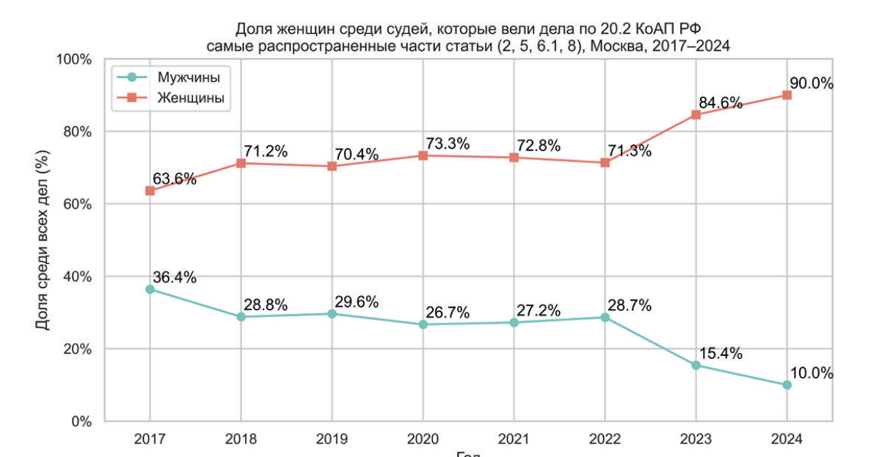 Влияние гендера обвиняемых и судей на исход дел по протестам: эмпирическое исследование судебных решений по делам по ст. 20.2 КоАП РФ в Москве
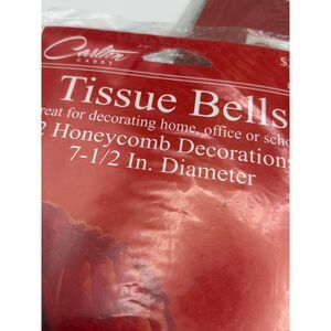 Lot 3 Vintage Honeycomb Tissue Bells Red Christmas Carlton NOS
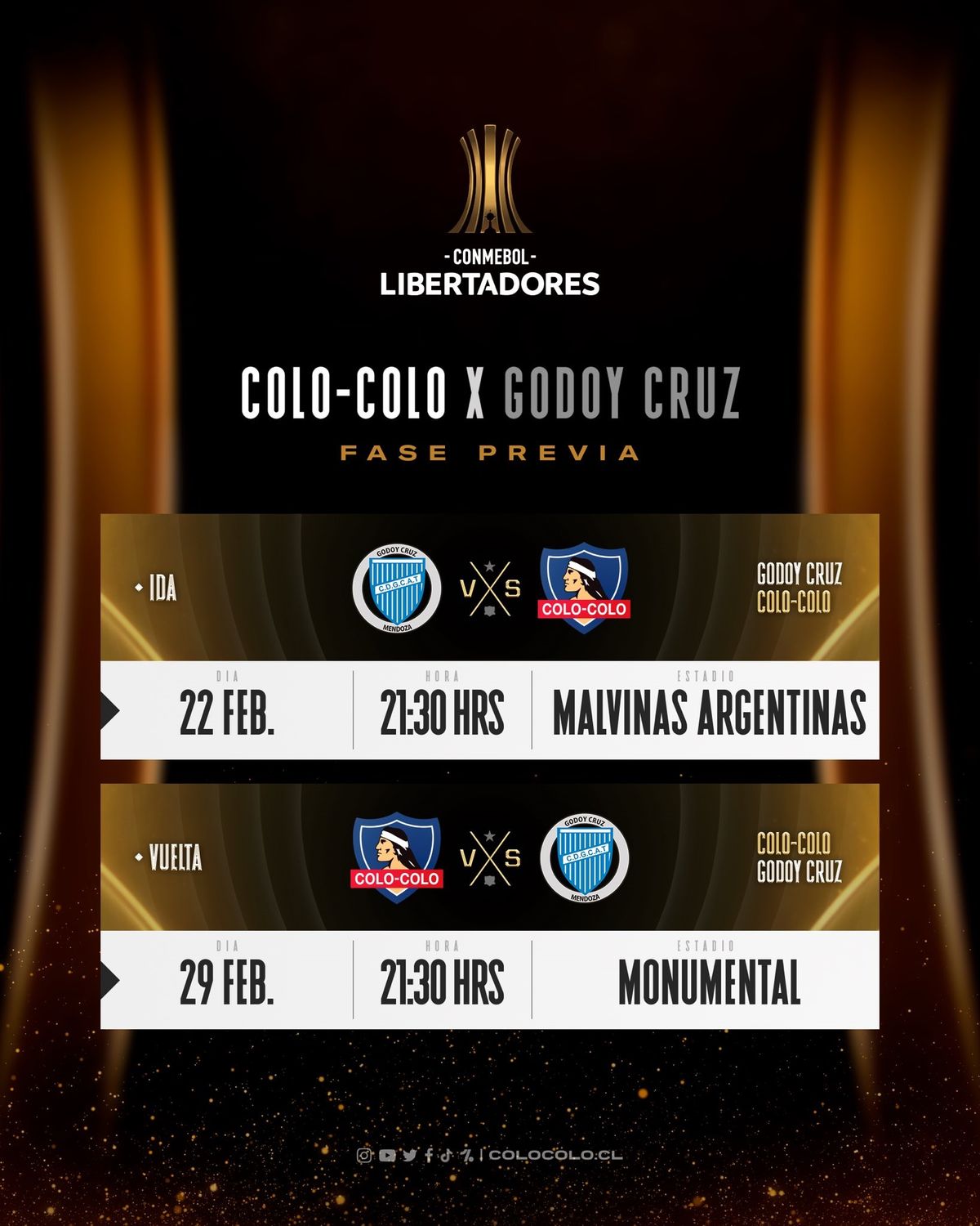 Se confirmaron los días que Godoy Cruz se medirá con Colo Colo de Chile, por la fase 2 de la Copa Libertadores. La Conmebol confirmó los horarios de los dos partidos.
- - -
The reply has to reproduce every line above verbatim and contain no pictures.

 Влияние гендера обвиняемых и судей на исход дел по протестам: эмпирическое исследование судебных решений по делам по ст. 20.2 КоАП РФ в Москве
 Lot 3 Vintage Honeycomb Tissue Bells Red Christmas Carlton NOS
 Se confirmaron los días que Godoy Cruz se medirá con Colo Colo de Chile, por la fase 2 de la Copa Libertadores. La Conmebol confirmó los horarios de los dos partidos.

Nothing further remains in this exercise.